Chicago's Heartland Institute, which purports to champion "sound science," joined this company with an article in 2002 that overgeneralized Doran's findings and linked them to unrelated studies, in order to create the impression (well known to be false) that the globe as a whole isn't warming.  Much as creationists take any revision in evolutionary theory (no matter how slight) as proof that the whole theory of evolution by natural selection is worthless, these special pleaders misread the very process of science in order to deny its results. 

The media echo chamber continues to resound with these misrepresentations.  A newspaper in Coeur d'Alene, Idaho, fabricated a Doran quote to suit its purposes on June 25.  In the on-line comments section June 29, Doran denied ever saying or thinking it, and asked that it be removed.  It's still up.

(Which reminds me -- has any denialist outfit ever explained Doran's actual findings and apologized for misrepresenting them?)

Of course, science has been plodding on meantime.  Writes Doran, "Climate models created since our paper was published have suggested a link between the lack of significant warming in Antarctica and the ozone hole over that continent.

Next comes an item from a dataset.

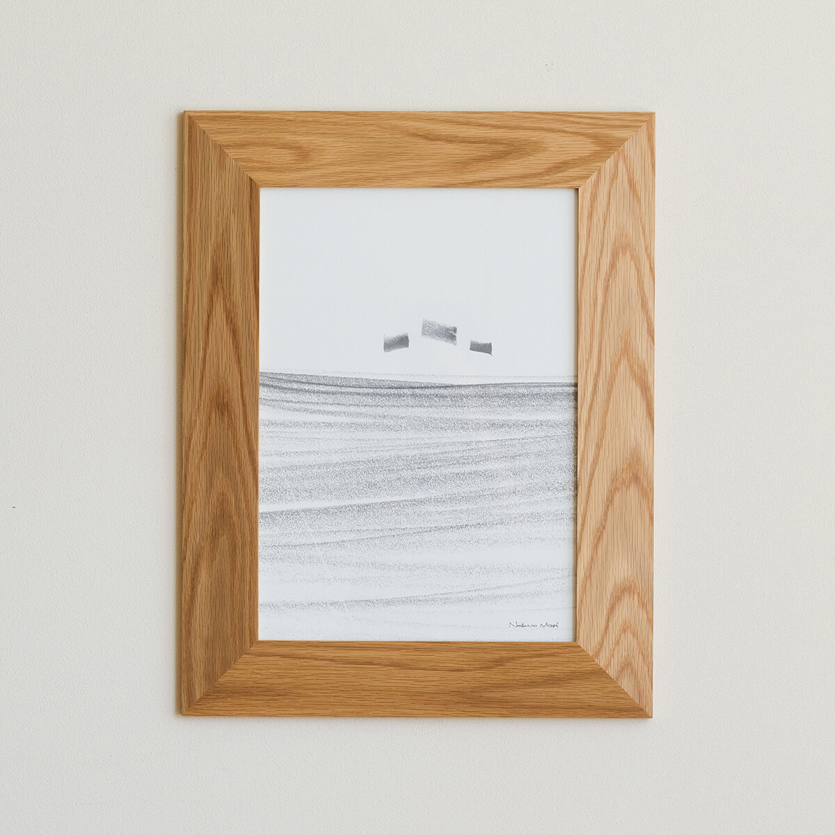 木目の面積が広いため、部屋に優しい表情を演出することができます。比較的小さなサイズの作品を飾るのにおすすめです。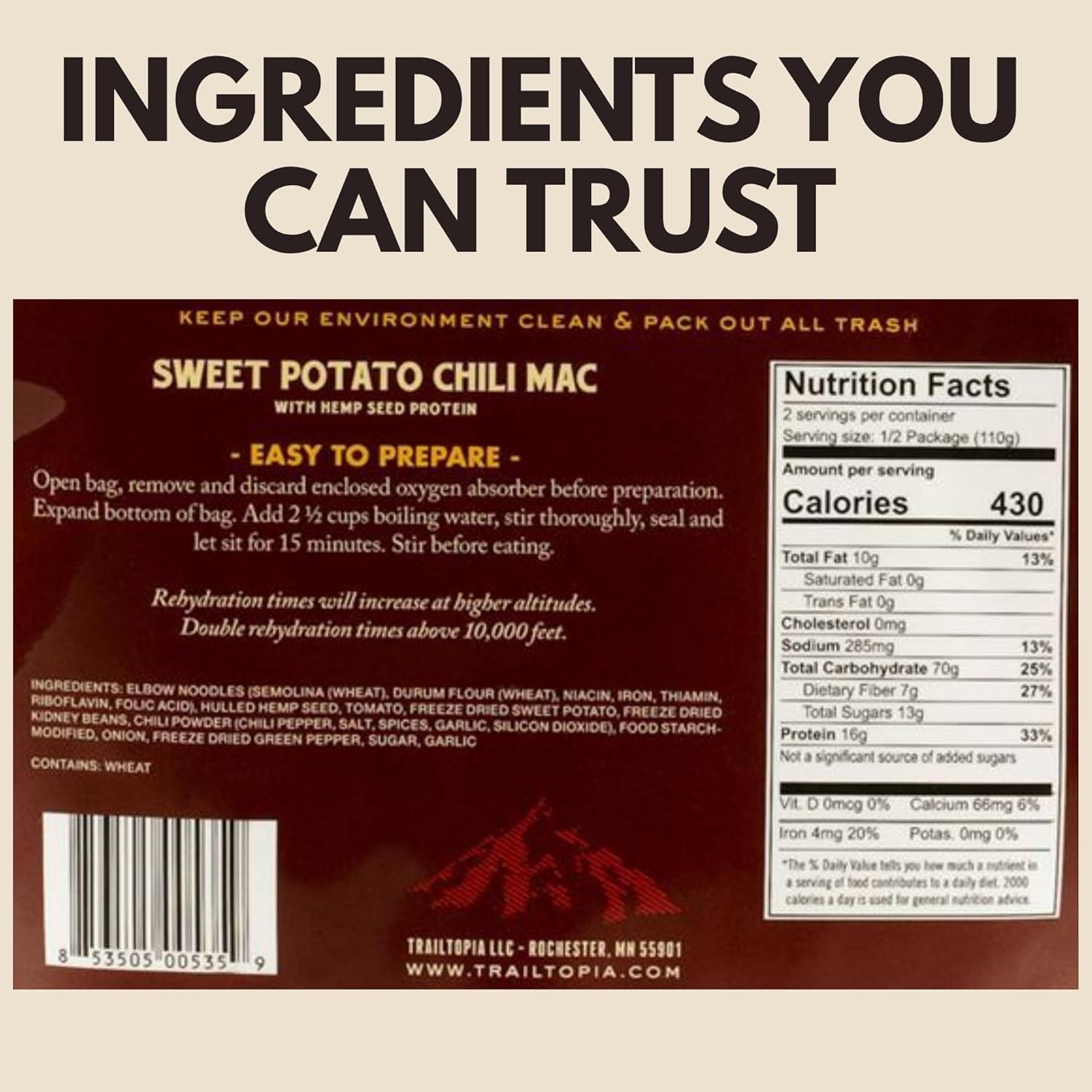 Trailtopia Chicken Stew with Noodles – Freeze Dried Hiking Dinner | Delicious Taste | Quick & Easy Prep | Lightweight | Perfect for Camping & Backpacking | High Energy Meals for Outdoor Adventures(Sweet Potato Chili Mac)

These models, conspicuously missing from the warming-skeptic literature, suggest that as the ozone hole heals — thanks to worldwide bans on ozone-destroying chemicals — all of Antarctica is likely to warm with the rest of the planet."

Doran includes a fuller version of his Times op-ed and additional materials at his UIC web site.  One of his side comments pretty much summarizes the whole sorry business:

"It has always amazed me that skeptics of climate warming are quite ready to distrust 99% of the scientific community, but they immediately trust me only because I wrote a paper they 'thought' supported their argument."

July 28th - 6:59 a.m.

Twenty-one years ago I kicked off my job at the Reader with a monstrously long profile of the then-newborn Heartland Institute and the philosophy of libertarianism.

For years now, Heartland has been frittering away its credibility, wasting its resources, and discrediting libertarian thought in general by claiming there's no such thing as climate change--and that if there is, people have nothing to do with it.

Libertarians pride themselves on dealing with the economic world as it is, not as do-gooders wish it was. Why should it be different where other sciences are involved? Real climate scientists agree that there's a problem here that we need to deal with. Hell, even Lloyd's of London has figured that out. There are ways of dealing with climate change that will enhance government power, and ways that will harness the power of the market to improve matters. Those are the issues worth debating, instead of presenting Michael Crichton--a fiction writer with a flimsy conspiracy theory--as if he were some kind of authority on the planet's climate system.

A good deal of my writing over the years has been influenced by libertarian thinking, much of which I learned at Heartland. These days I find myself hesitating to mention their good stuff because of their crackpot position on climate change. It gives the impression that libertarianism really is a right-wing philosophy, lined up with anti-science Republicans who think evolution is some kind of dubious hypothesis. What possible reward could be great enough for intelligent people to seek such company?